Mi. 02. November 2016 um 9:43

Play Store: Google schiebt App-Ranking-Manipulation den Riegel vor

von Sebastian Mauch0 Kommentare

Wer kennt das nicht, man stöbert im App-Store seiner Wahl und wirft dabei mal einen Blick in die aktuellen App-Trends. In Googles Play Store gibt es neben den Top-Platzierung auch einen Reiter eigens für die aktuellen Trends der Appwelt. Dort sollten sich eigentlich ausschliesslich Anwendungen ansammeln, die tatsächlich in letzter Zeit oft und lang genutzt wurden. Nicht selten finden sich dort aber allerlei „Underdogs“ mit denen man eigentlich nicht viel anfangen kann. Im Worst-Case sind das dann sogar bösartige Bait-Apps die ihre Nutzer in fiese Fallen locken oder sogar Schaden im System anrichten, sofern der Schädlings-App die passenden Berechtigungen eingeräumt werden.

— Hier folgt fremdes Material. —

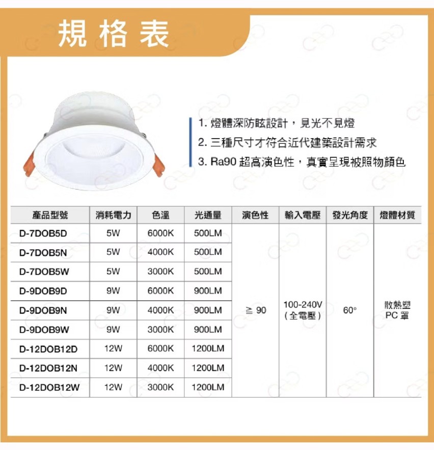 產品規格:9W(崁入孔9.5公分)
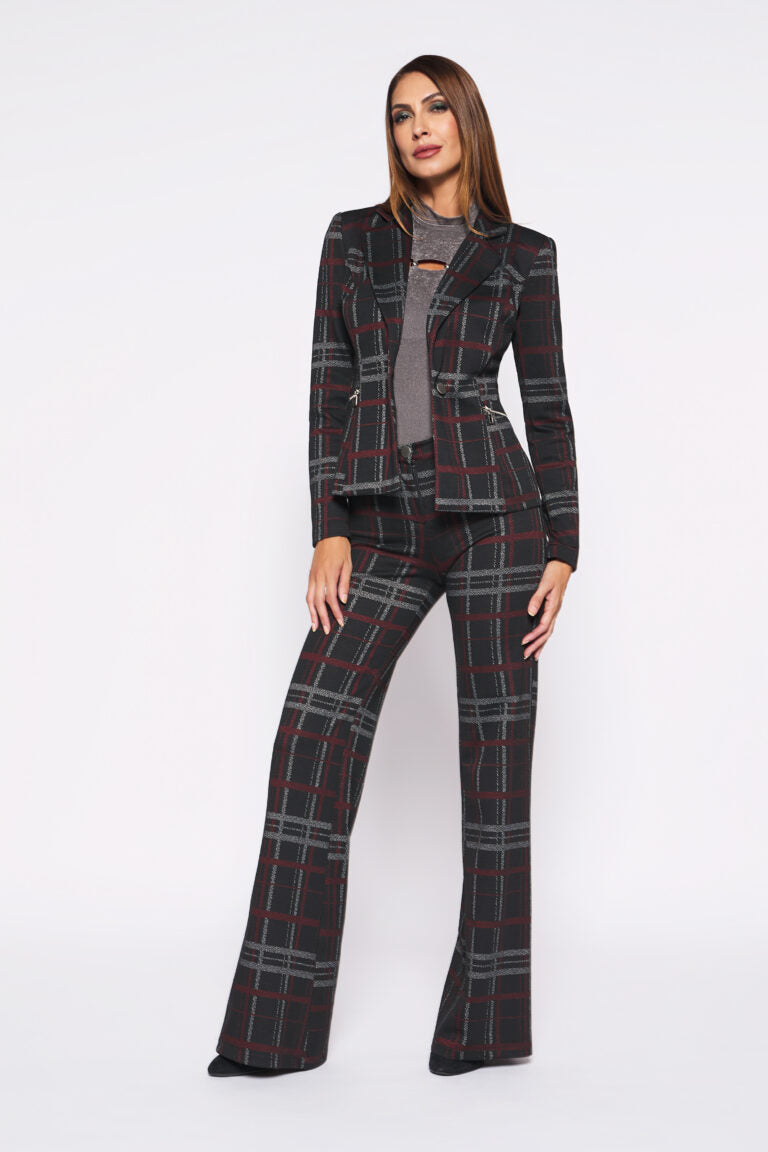 The checkered Jackie blazer is an elegant and versatile garment. With a silver button and side pockets with zippers, this blazer is perfect for any occasion. Stand out in style with this high-quality blazer!
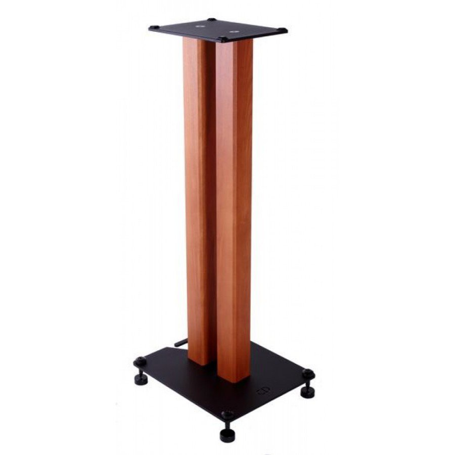 The solid hardwood square support columns are manufactured from solid Ash, Oak or Walnut harvested from sustainable, professionally managed forests and available finished in Black, White, Oak, Cherry, Mahogany, and Walnut. The natural properties of wood dampens resonance noise vibration and this is enhanced by the Acoustic Steel™ top plate, preventing the transition through the design and influencing the stand and speakers performance.
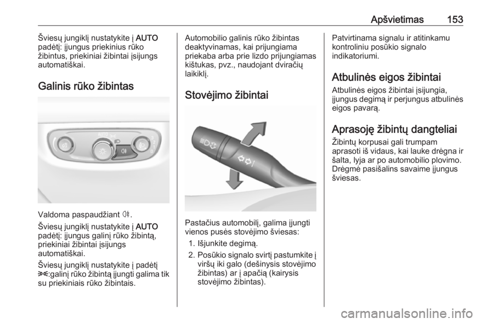 Apšvietimas153Šviesų jungiklį nustatykite į AUTO

Neuer Algorithmus für bessere Erkennung von Schummel-Platzierungen

Diese Apps gelangen meist denkbar simpel in die Trends. Die dubiosen Entwickler kaufen sich schlichtweg Nutzer, welche dann gegen ein gewisses Entgelt die App auf mehreren Konten herunterladen und meist mit Lobpreisungen bewerten. Leider betrifft das nicht nur die Trends-Sektion des Play Stores, sondern auch in gewissen Fällen die Top-Listen und andere App-Läden wie den von Apple oder Microsoft.

 

Dies soll zumindest seitens Google in Zukunft etwas eingedämmt werden. Verantwortlich dafür ist ein neuer, seit gestern im Einsatz befindlicher, Erkennungsalgorithmus. Dieser scannt Apps im Store nach Auffälligkeiten. Genaue Informationen zur Funktionsweise sind zwar nicht bekannt, sicher achtet der Code aber auf auffällige Download-Peaks oder unplausible Bewertungen. Solche unsauber gerankten Apps erkennt man oft auch daran, dass diese mit Unmengen von 5-Sterne-Bewertungen zugepflastert sind, ohne jeglichen Kommentar von generischen Autoren.

 

Solche Missetaten werden wohl fortan besser entlarvt und von Google abgemahnt. Setzen diese Leute ihre Machenschaften fort, wird die App gänzlich aus dem Store gebannt. Durch Marketingagenturen unterstützte Apps sind davon nicht betroffen, sofern dort alles mit rechten Dingen zugeht.